Le quattro nobili verità (in sanscrito: चत्वारि आर्यसत्यानि catvāri-ārya-satyāni, pālicattāri ariya-saccāni, cinese 四諦 pinyinsì dìWade-Gilesssu-ti, giapponeseshitai, tibetano 'phags pa'i bden pa bzhi, bden pa rnam pa bzhi, coreano 사제 sa che, vietnamitatứ đế) rappresentano un elemento cardine della dottrina buddista.
La narrazione classica delle vicende che portarono Siddhārtha Gautama, detto il Buddha, a sviluppare la dottrina della religione, di cui fu il primo maestro, lo riporta tanto sollecito e ansioso di risolvere il problema esistenziale di base della vita umana, dall'abbandonare la vita principesca di palazzo per intraprendere le varie vie di ricerca e di pratica religiosa del tempo.

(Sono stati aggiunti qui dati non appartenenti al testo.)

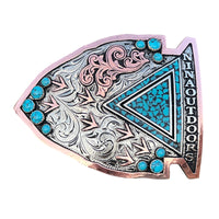 The Arrowhead Buckle is an antique German silver buckle with a new take on some of the original cowboy belt buckles. This custom  buckle has a very unique look, and the custom brand can be changed to whatever you need. The traditional look of this buckle will catch your eye and is a great way to show off someone’s hard work, achievement, or personalization. This buckle measures 3.5" inches tall by 4.5" inches wide. The back of the buckle has a hook for your belt hole. It also has a swivel bar to attach to your belt.
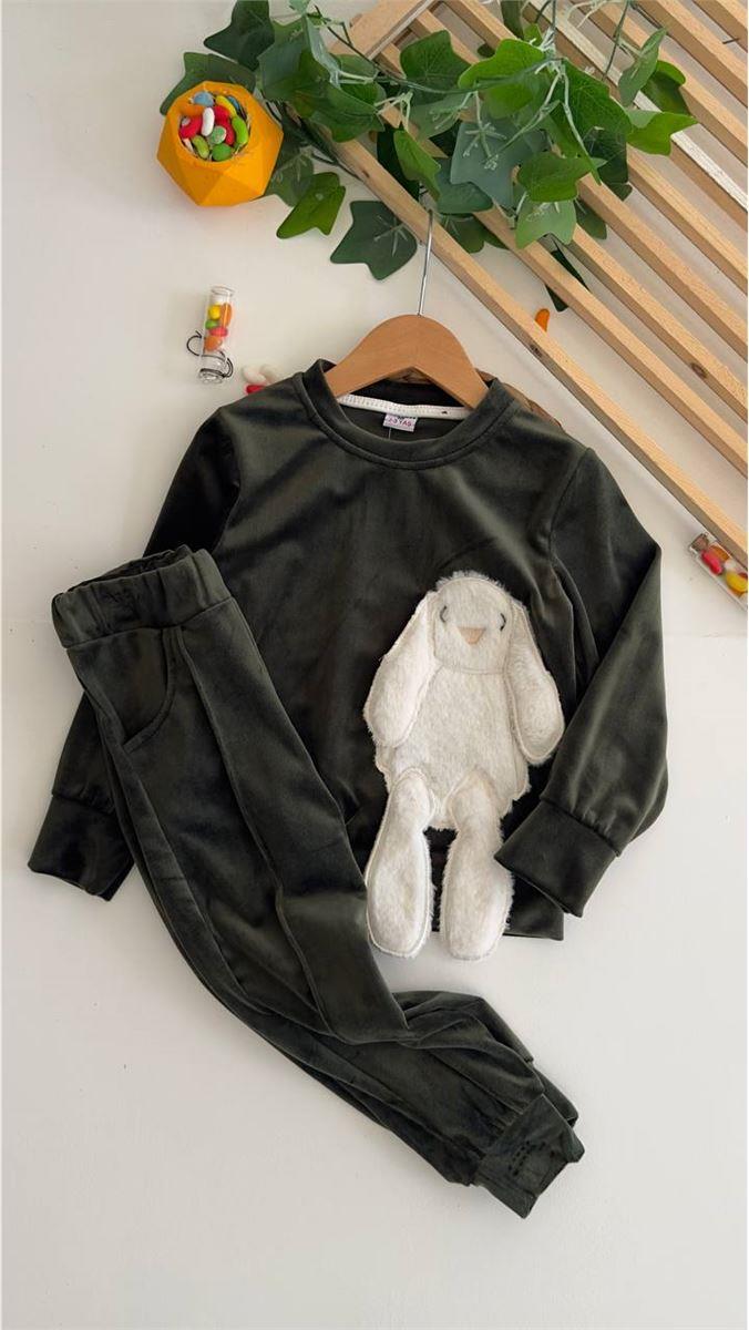8012 Kabartmalı Tavşan Desenli Fransız Kadife Takım YEŞİL

La prima conclusione ferma di tale ricerca fu lo sviluppo della dottrina delle quattro nobili verità, della cui essenza gli sorse la consapevolezza durante una meditazione condotta nel Parco dei Cervi (o delle gazzelle) di Sārnāth, presso Varanasi.
La formulazione delle quattro nobili verità
La formulazione classica delle "quattro nobili verità", esposta nel "Discorso della messa in moto della ruota della Dottrina" (Dharmacakrapravartana Sūtra, sans., Dhammacakkappavattana Sutta, pāli)[1] è:
Nella vita degli esseri senzienti (sanscritosattva, pālisatta, cin. 衆生 zhòngshēng, giapp. shūjō, tib. sems-can), tra cui l'essere umano, è insita la "sofferenza" (Duḥkha) Tale esperienza del dolore riguarda anche i momenti di "appagamento" e "serenità" in quanto essi stessi impermanenti. Nei testi canonici il Buddha Shakyamuni individua otto tipi di dolore:
Il dolore della nascita, causato dalle caratteristiche del parto e dal fatto di generare le sofferenze future.
Il dolore della vecchiaia, che indica l'aspetto di degrado dell'impermanenza.
Il dolore della malattia, determinato dallo squilibrio fisico.
Il dolore della morte, generato dalla perdita della vita.
Il dolore causato dall'essere vicini a ciò che non "piace".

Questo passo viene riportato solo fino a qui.